I've writen up a few evaluations, and what helped me was the book, Writing effective reports. Plus use the Tree Hazard evaluaton form supplied by ISA as a checklist when on site. As for software, just use word.


----------



## daceymathers (May 4, 2011)

Style Report is a Java Report Writing Software application.Style Report software enables enhanced query, reporting, and analysis capabilities with real-time access to data regardless of source, format or platform. It Deliver professional, high fidelity presentation and Transform and manipulate raw data


----------



## Silentmtn3 (May 15, 2011)

JDTreeLakeTahoe said:


> ------------------------
> I just got certified by ISA as an Arborist and was going to provide clients with mainly hazard eval's and bug ID. I'm using Quickbooks for invoicing, etc. which does the job there but thought there might be some good templates for use in another program. Arborgold looks good, but I use a Mac. Think I'll just create my own templates with a word processor. Thanks for your help.


 
I use quickbooks to create all of my estimates and invoices. I have extensively modified quickbooks so that I am able to track the type of customer (residential, commercial, municipal, etc), the type of work (pruning, removal, stump grinding, storm damage, etc), the demographics (location or part of town the customer is in) of the customer. 

I am able to verify that the customer is the owner of the property and not a renter, the parcel and subdivision of the property is listed on the paperwork.
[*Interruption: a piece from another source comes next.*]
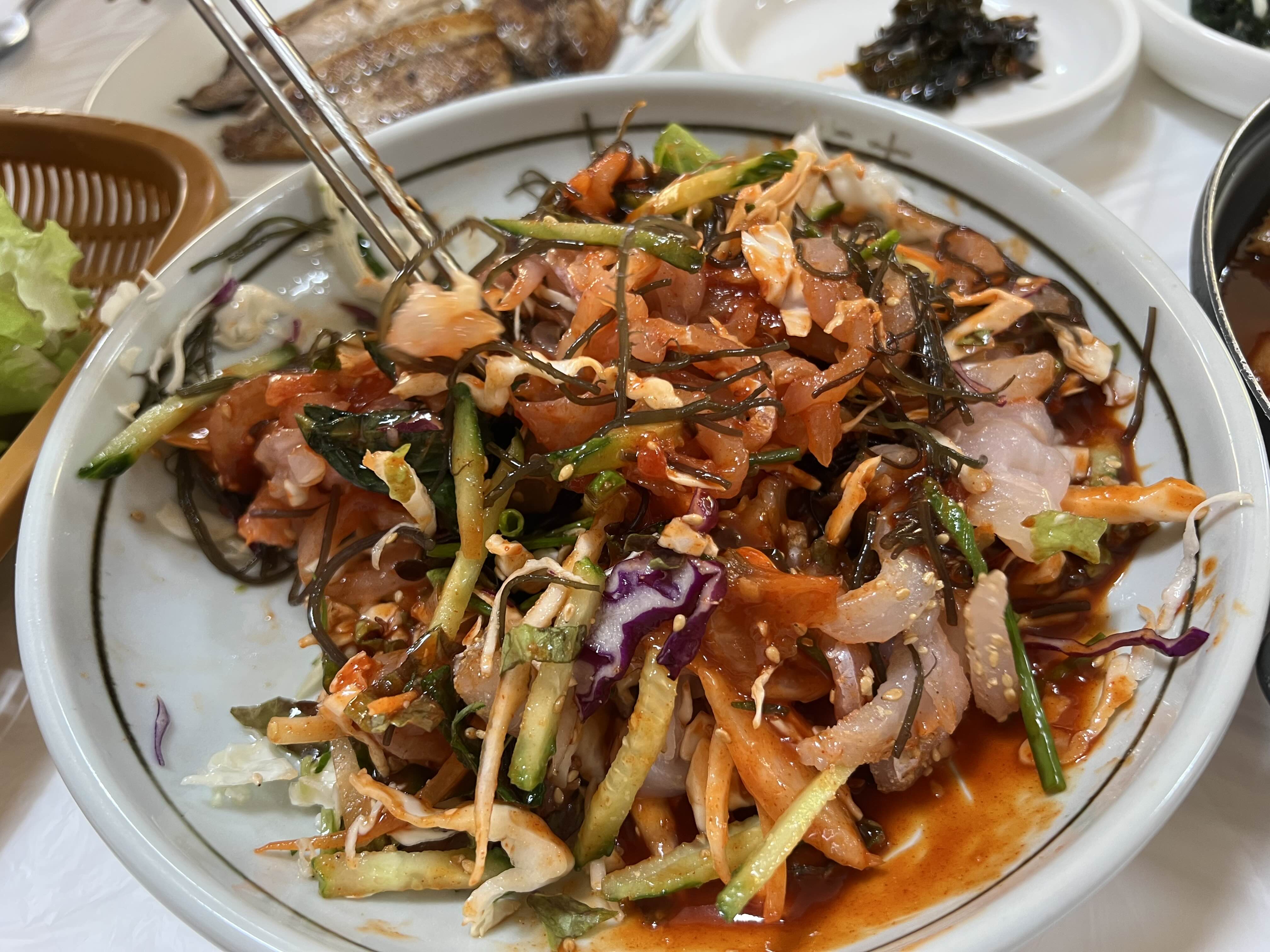 덜어서 밥과 함께 비벼 먹어도 맛있고, 따로 반찬처럼 먹어도 어우러진다. 가자미회가 정말 일품이다.

You don't want to get into a situation where a renter is trying to have work done without the property owners permission.

I have attached two PDF files that I created to show a example of an estimate and an invoice. I hope it helps you. If you have any questions, email me at [email protected].

Brian


----------



## daceymathers (Jun 22, 2011)

JDTreeLakeTahoe said:


> Can anyone recommend some good Arborist report writing software? Preferably for Mac, but any suggestions will be helpful.
> Thanks


 
There are various report writing software you can select any one that you like.Microsoft office 2007 and other writing software can be used to make the report .So use what ever writing software you are using for creating reports.


----------



## DeAvilaTree (Jun 27, 2011)

I right exactly what I did on my quickbook invoices and use that for my customers history


----------



## RJG (Jul 3, 2011)

*Report Writing*

If you are going to write arborist's reports I would also suggest getting the book from the ISA "A Consultants Guide to Writing Effective Reports" put out by ASCA (American Society of Consulting Arborists). All your reports should have the requisite five items at a minimum: Assignment, Observations, Discussion, Conclusion, and Recommendations as formatted in the guide. You can also have these items in a "form report" that is really simple. I have a sample "form report" made up that you could get printed in triplicate NCR that you can give to a client on site (email or PM me if you are interested). I also have some sample letter reports that follow the format that I could give to you as well.
ASCA has two webinars on their website, one is report writing and the other is risk assessments. They are not cheep but they may be worth checking out if you are doing these sorts of things. If you really want to learn how to write reports then go to the ASCA Academy next time it is on the west coast (again, not cheap, but worth it).
I don't know of any report writing software per se since I just use the Pages software from Apple or Microsoft Word and have created some templates. I have heard that the Dragon speech recognition software can speed up the process if you do a lot of lengthy reports.

Cheers,

Rick
BCMA WE-4341B
RCA #496
CTRA #904 
[email protected]
Registered Consulting Arborist® #496 – Board Certified Master Arborist WE-4341B | Consulting Arborists Serving Santa Cruz and the San Francisco Bay Area


----------



## victoria stiles (Aug 10, 2011)

JDTreeLakeTahoe said:


> Can anyone recommend some good Arborist report writing software? Preferably for Mac, but any suggestions will be helpful.
> Thanks


You should use latex. It has been around for as long as computers, and is completely up-to-date.


----------